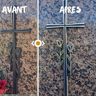 Remise en éclat plaques funéraires ( bronze, résine, marbre)
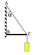 (1 điểm). Một vật có trọng lượng P = 40 N được treo vào tường nhờ một dây AB. Muốn cho vật ở xa tường, người ta dùng một thanh chống nhẹ nằm ngang, một đầu tì vào tường, còn đầu kia tì vào điểm B của dây như hình vẽ. Cho biết dây hợp với tường một góc 300. Cho biết phản lực của thanh có phương dọc theo thanh. Xác định độ lớn lực căng của dây treo CA.
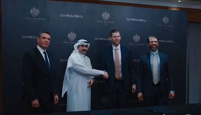 من جانبه، قال إريك ترامب، نائب الرئيس التنفيذي لمجموعة ترامب: "يُسعدنا توسيع نطاق أعمالنا في منطقة الشرق الأوسط، وإتاحة معايير الرفاهية العالمية التي تشتهر بها مجموعة ترامب، بالتعاون مع دار جلوبال، مؤكدًا أن هذا التعاون يُجسِّد رؤيتنا المشتركة لإنشاء مشاريع تطويرية بارزة تتميّز بالفخامة والجودة والرقي، وبالتعاون مع دار جلوبال، نضع معايير جديدة للتميز؛ بهدف تلبية الطلب على العقارات المميَّزة في الأسواق الرئيسية".
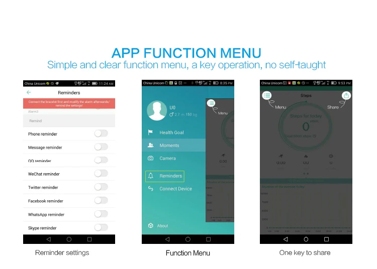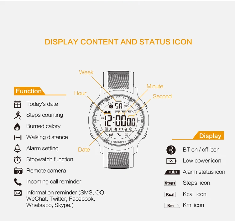 Function:Calendar,Week,Remote Control,Noctilucent,Alarm Clock,Push Message,Passometer,Message Reminder,24 hour instruction,Call Reminder,Fitness Tracker
___
• _What the task requires_
Restrict the output to the lines from the one with "من جانبه، قال" through the last line of the material above. Print them exactly, leaving out every picture.

• _Answer box_
 من جانبه، قال إريك ترامب، نائب الرئيس التنفيذي لمجموعة ترامب: "يُسعدنا توسيع نطاق أعمالنا في منطقة الشرق الأوسط، وإتاحة معايير الرفاهية العالمية التي تشتهر بها مجموعة ترامب، بالتعاون مع دار جلوبال، مؤكدًا أن هذا التعاون يُجسِّد رؤيتنا المشتركة لإنشاء مشاريع تطويرية بارزة تتميّز بالفخامة والجودة والرقي، وبالتعاون مع دار جلوبال، نضع معايير جديدة للتميز؛ بهدف تلبية الطلب على العقارات المميَّزة في الأسواق الرئيسية".
 Function:Calendar,Week,Remote Control,Noctilucent,Alarm Clock,Push Message,Passometer,Message Reminder,24 hour instruction,Call Reminder,Fitness Tracker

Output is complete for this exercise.